Respiratory tract infections caused by multidrug-resistant (MDR) Gram-negative bacteria such as Pseudomonas aeruginosa are serious burdens to public health, especially in
cystic fibrosis patients. The combination of
colistin, a cationic
polypeptide antibiotic, and
ivacaftor, a
cystic fibrosis transmembrane regulator (
CFTR) protein modulator, displays a synergistic antibacterial effect against P. aeruginosa. The primary aim of the present study is to investigate the transport, accumulation and toxicity of a novel nanoparticle formulation containing
colistin and
ivacaftor in lung epithelial Calu-3 cells. The cell viability results demonstrated that
ivacaftor alone or in combination with
colistin in the physical mixture showed significant toxicity at an
ivacaftor concentration of 10 μg/mL or higher. However, the cellular toxicity was significantly reduced in the nanoparticle formulation.
Ivacaftor transport into the cells reached a plateau rapidly as compared to
colistin.
Colistin transport across the Calu-3 cell monolayer was less than
ivacaftor.

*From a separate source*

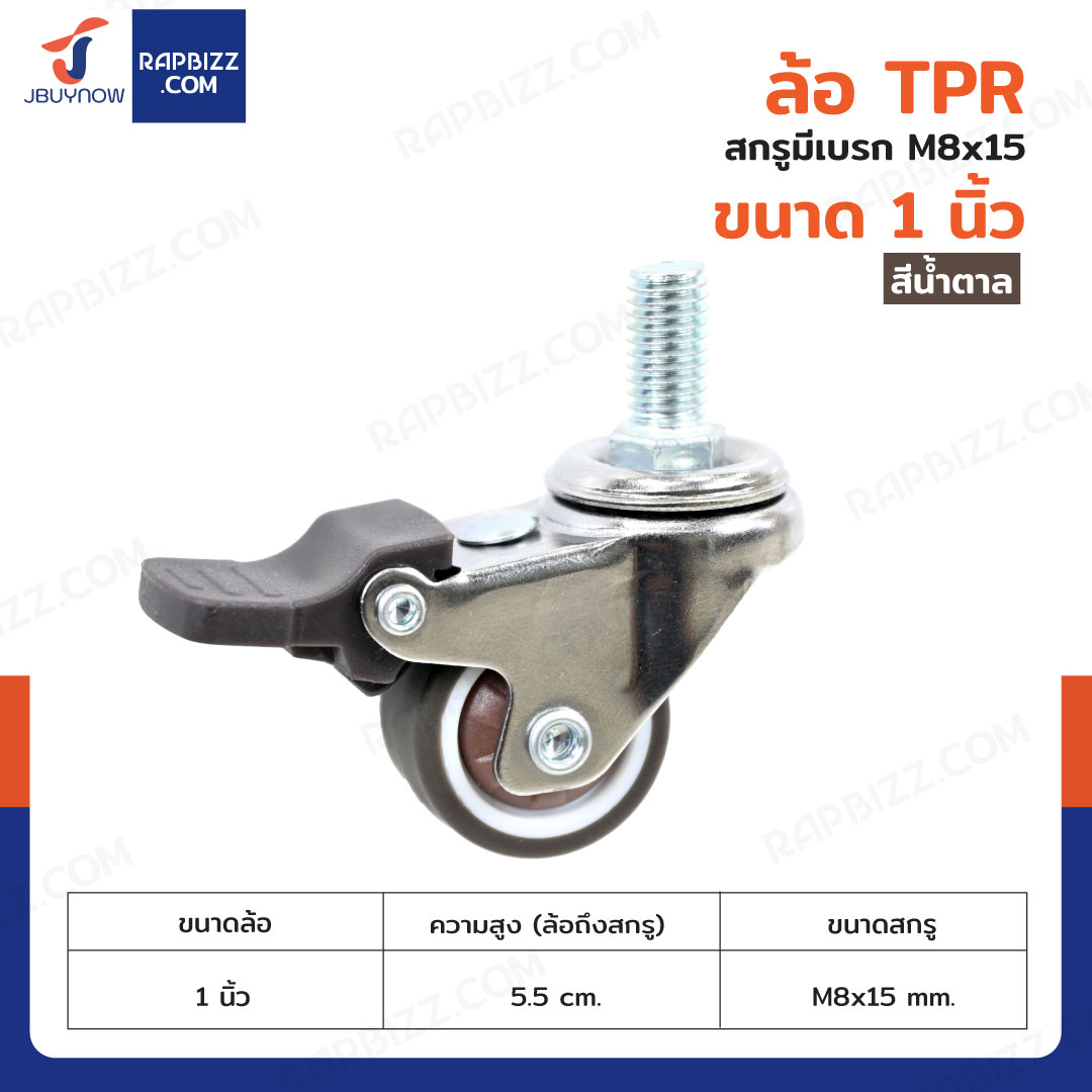 ล้อ TPR 1 นิ้ว สกรูมีเบรก M8x15 สีน้ำตาล

A substantial amount (46-83%) of
ivacaftor, independent of dose, was accumulated in the cell monolayer following transport from the apical into the basal chamber, whereas the intracellular accumulation of
colistin was relatively low (2-15%). The nanoparticle formulation significantly reduced the toxicity of
colistin and
ivacaftor to Calu-3 cells by reducing the accumulation of both drugs in the cell and potential protective effects by
bovine serum albumin (BSA), which could be a promising safer option for the treatment of
respiratory infections caused by MDR P. aeruginosa.